Seeding is unnecessary (and risky) in modern PHP

PHP
<?php

// Old, unnecessary pattern — don't do this
mt_srand(time());
echo mt_rand(1, 100) . PHP_EOL;

// Modern PHP: just call it, no seeding needed
echo mt_rand(1, 100) . PHP_EOL;
Worked example: a secure verification code

Put this together into something realistic: generating a six-digit numeric verification code to email or text to a user, similar to what a login-confirmation or password-reset flow would send. Because this code grants access if guessed, it must come from random_int() rather than rand().

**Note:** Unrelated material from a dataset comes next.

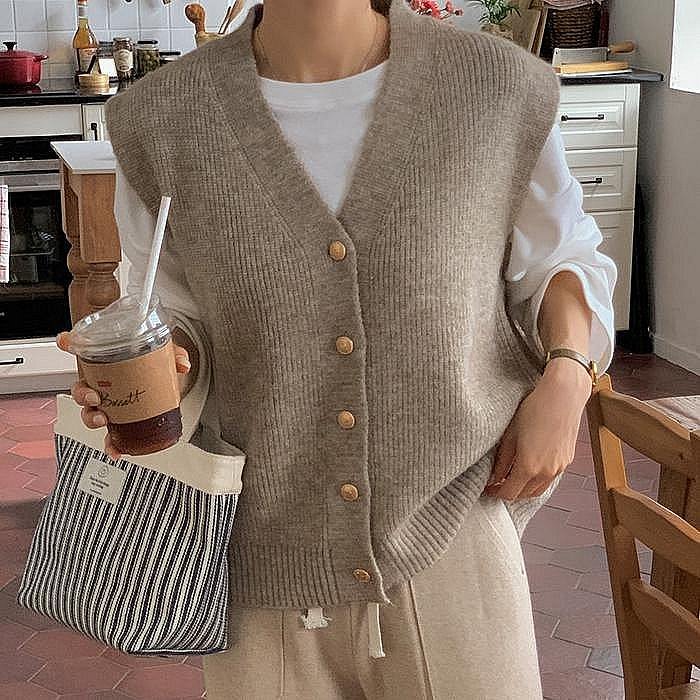 優寶購物《ubao.Tw》特貨品商城,黑貓宅配,取貨付款,Forever Kids 正韓 V領金扣針織背心【C621337】】韓國代購 | Yahoo拍賣

Generating a six-digit verification code

PHP
<?php

function generateVerificationCode(): string
{
    // random_int is inclusive on both ends, so this covers
    // every six-digit code from 000000 through 999999
    $code = random_int(0, 999999);

    // Pad with leading zeros so the result is always 6 digits long
    return str_pad((string) $code, 6, '0', STR_PAD_LEFT);
}

$code = generateVerificationCode();
echo "Your verification code is: {$code}" . PHP_EOL;
Your verification code is: 042817

The str_pad() call matters here: random_int(0, 999999) will sometimes return a number like 4213, and without padding that would show up as a four-digit code instead of a consistent six-digit one. Storing and comparing the padded string version (not the raw integer) avoids that inconsistency entirely, and it also means the code is naturally compared as a string against whatever the user types back in.

Function

Secure?

Typical use

rand($min, $max)

No

Alias of mt_rand() since PHP 7.1

mt_rand($min, $max)

No

Games, shuffling, non-sensitive randomness

random_int($min, $max)

Yes

Verification codes, OTPs, lottery-style draws

random_bytes($length)

Yes

API keys, tokens, session IDs (raw bytes)

  • rand() and mt_rand() are identical since PHP 7.1 and are auto-seeded — manual seeding is unnecessary.

  • Neither rand() nor mt_rand() is safe for anything security-related; their output is not truly unpredictable.

  • random_int($min, $max) is the secure drop-in replacement for a random number in a range, and can throw an Exception.

  • random_bytes($length) returns raw secure random bytes — encode them with bin2hex() or base64_encode() before use.

  • Always store and compare generated codes as padded strings, not raw integers, to avoid losing leading zeros.

Tip
As a rule of thumb: if the randomness only needs to look unpredictable to a human — a game, a shuffle, a random color scheme — `mt_rand()` is fine and slightly faster. The moment the randomness needs to be unpredictable to a determined attacker — anything tied to authentication, account recovery, or access control — use `random_int()` or `random_bytes()` without exception. Mixing the two up is one of the most common small security mistakes in PHP codebases, and it is entirely avoidable.